It Started Out With A Crayon

In elementary school, it was important to my teacher that we students learn to tell a story. I remember learning to fold multiple pieces of printer paper, staple them down the middle, and create a booklet. Inside this booklet, on the bottom half of each page, we were instructed to write a short story about something we enjoyed and to draw a picture of each page’s contents along the top half. I very specifically remember the colors I used (waxy pinks and reds, greens and yellows, blues galore) and how awkward the big crayons felt in my small hands and how terrible I was at drawing dogs and stick-people. Yet, this was my beginning in the writing world. I wrote stories mostly about my dogs and about my family: antics we would all get up to. How funny it was to watch the little, mostly-hairless white one run around the backyard and the bigger, fluffier, matronly tan and white Cocker Spaniel tailing after him.

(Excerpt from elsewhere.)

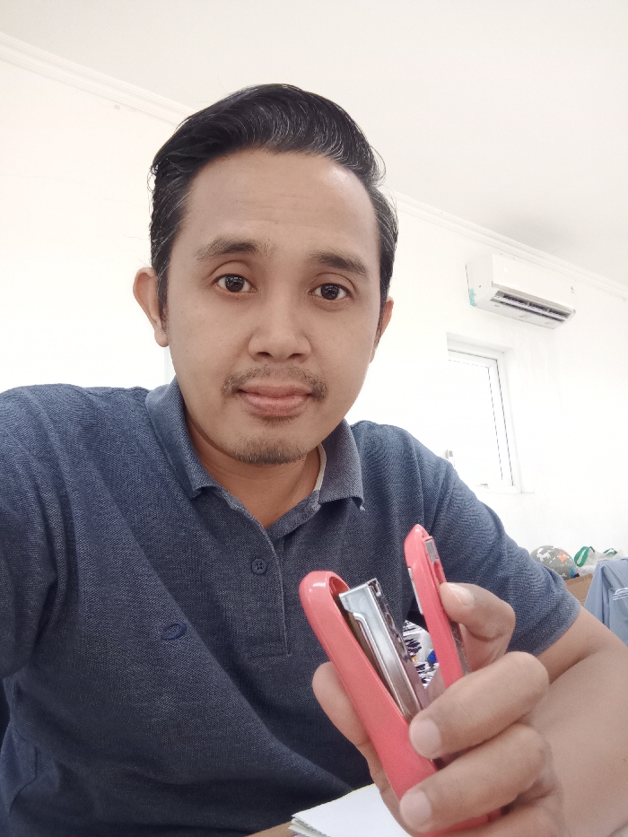 A man holds an open, pink stapler. He faces the camera with a slight smile. He has dark hair styled back and is wearing a blue-gray polo shirt. The background is a bright, well-lit room with a window and an air conditioner. Some papers and items are visible on the desk in the lower part of the frame. The lighting is bright.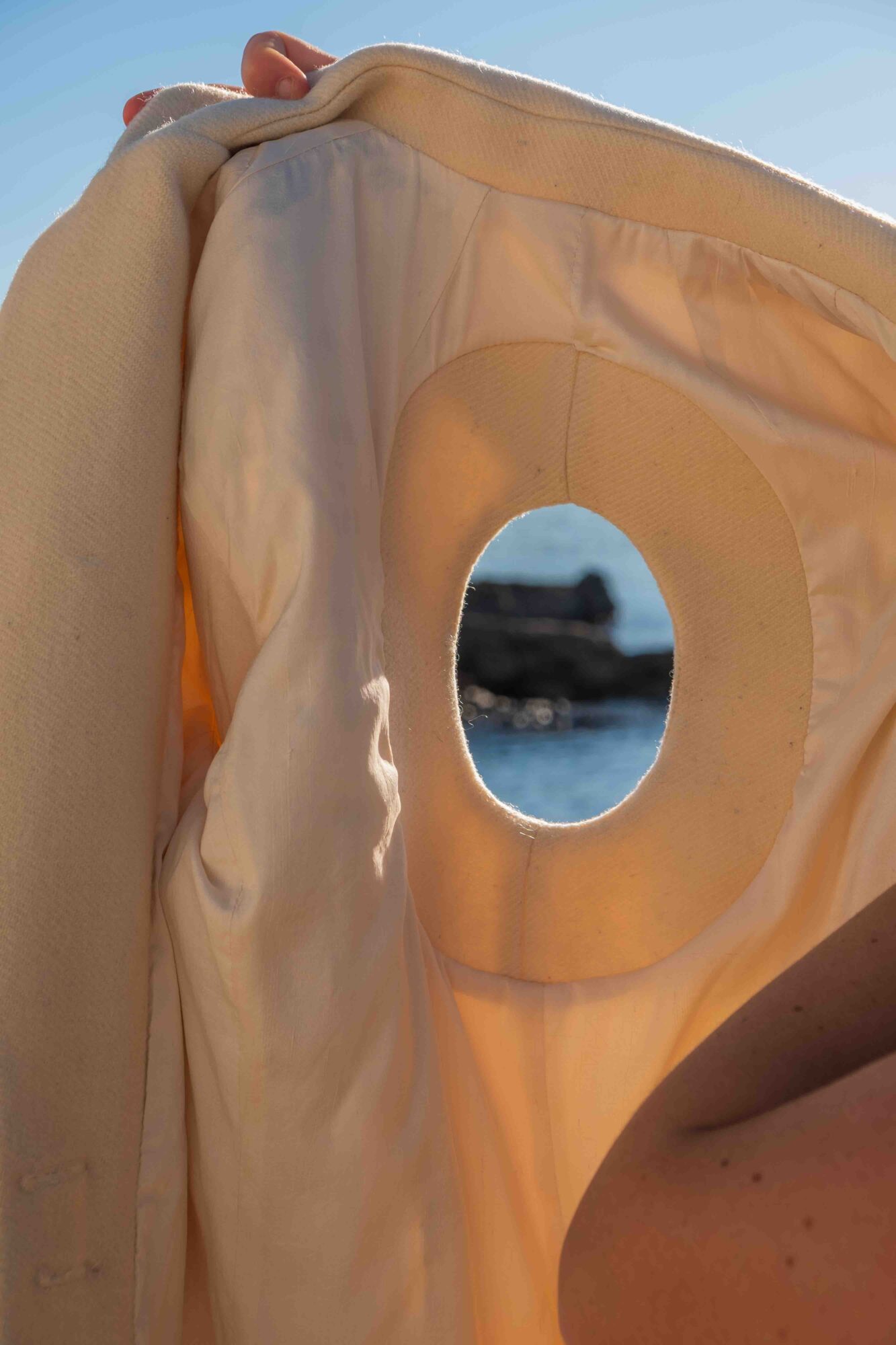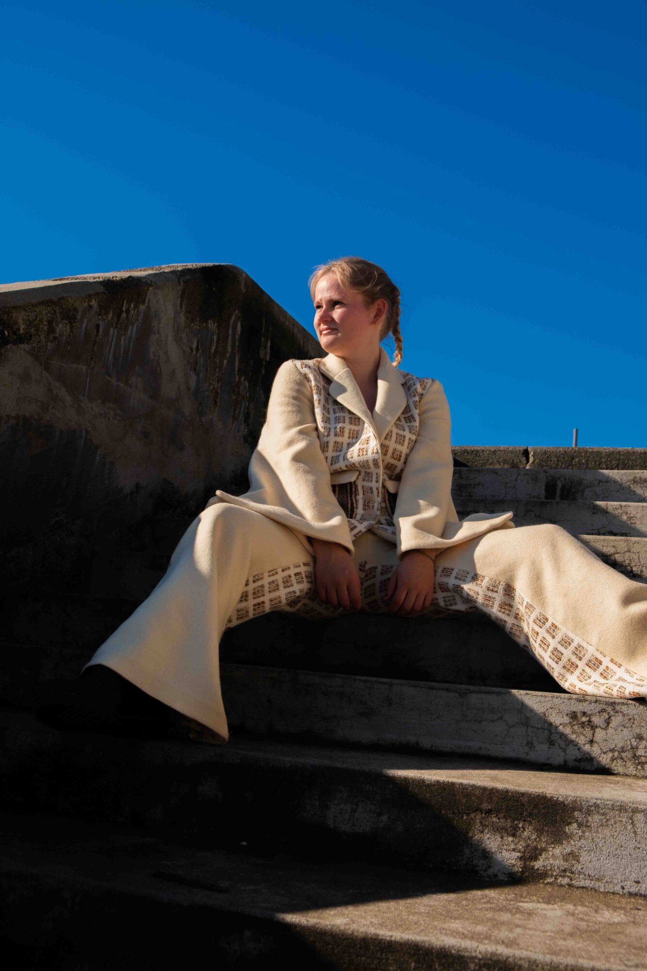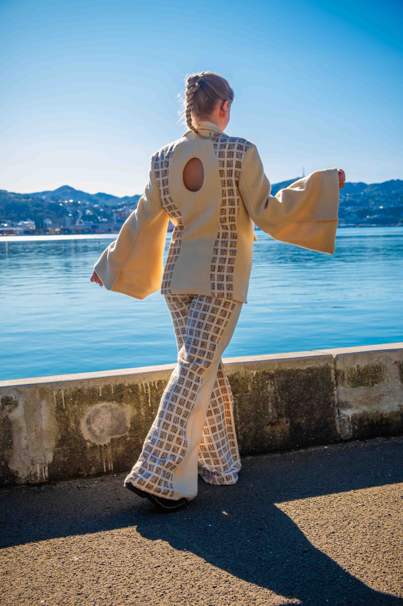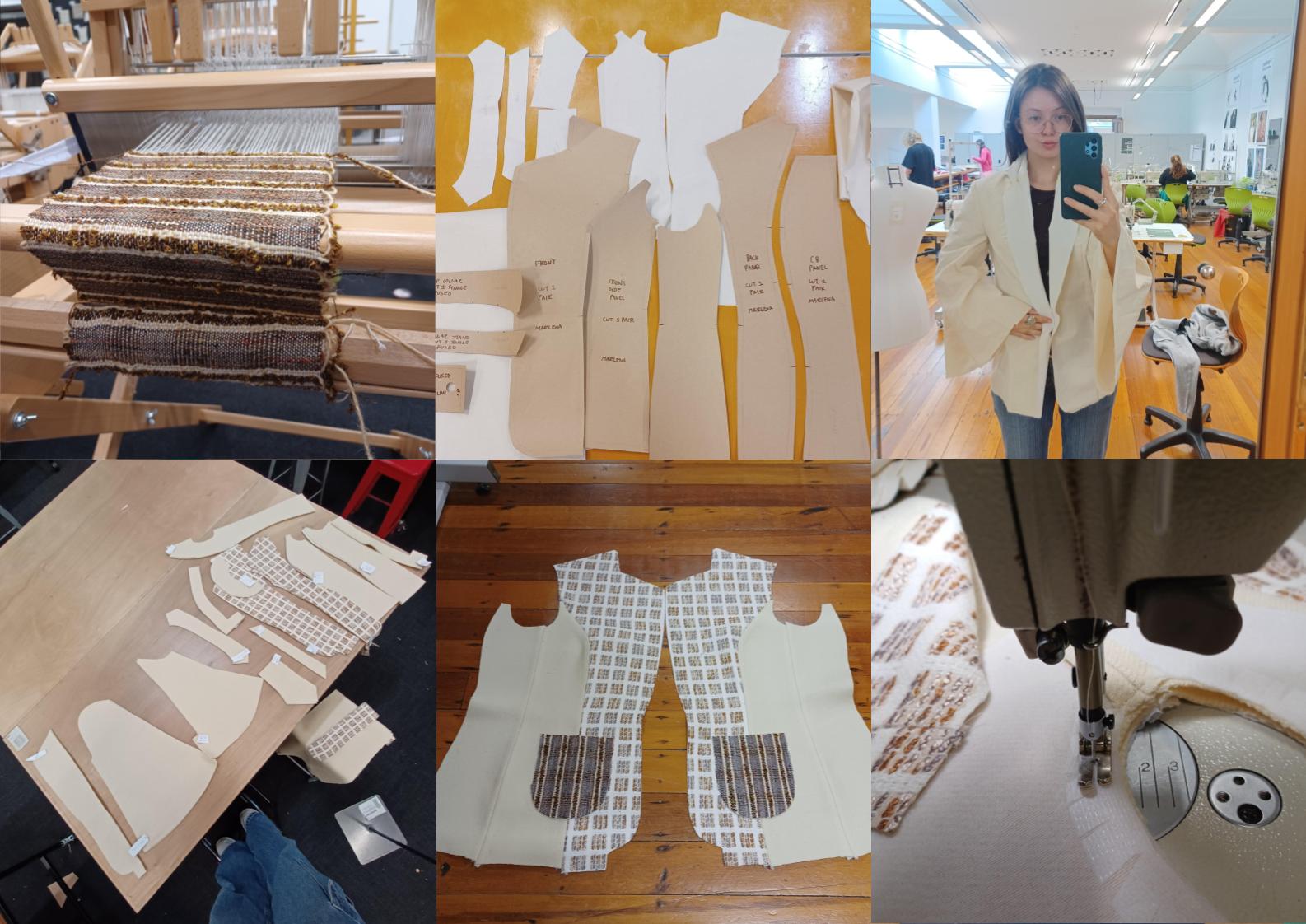 During this project I learnt advanced technical sewing and pattern making skills that pushed me way out of my comfort zone. I learnt how to make a tailored jacket sample first, and then transferred those skills into my own design. I learnt how to sew jetted pockets, lapels, collars, back vent, semi working sleeve vent and lining. The most difficult part was sewing the invisible seam pockets, and the most rewarding part was sewing the lining and back hole facings. Consisting of 34 patten pieces all together, this is my biggest fashion project yet. I also wove my own fabric for the pockets on the 8 shaft loom, using hopsack lifting plan.

From there, I would spend the next twenty years writing what I was supposed to write: essays, book reports, mid-terms, and finals. Somewhere along the way, though, I kept needing to write my own stories. Like my mother, I kept logs of our family vacations in pretty little journals. I would write fan-fiction as a teenager when I wasn’t satisfied with how the book, TV show, or movie played out. I kept a personal diary. I began writing more and more intricate status updates on social media, telling more stories of my personal life, except this time I would leave myself open for others’ opinions. I’ve never been a fan of the minute-by-minute update and generally only say something if it’s worth saying.

One thing that has stayed with me my whole life is my need to tell a story. It feels so good to write everything down and know I can go back and look at it later if I wish. When I write my travel diaries, it makes me happy as I’m writing them because it’s like experiencing the events all over again as I dig and pull specific details out of my mind to flesh out the pages. Later, it’s fun to go back and read again once I’m home and thinking of the more fun times.

I think writing has been in my blood the whole time. When my grade school teacher showed us how to communicate those small parts of ourselves, she truly lit a spark. That little spark has lived in my heart ever since and only now am I honestly allowing it to fan into flame.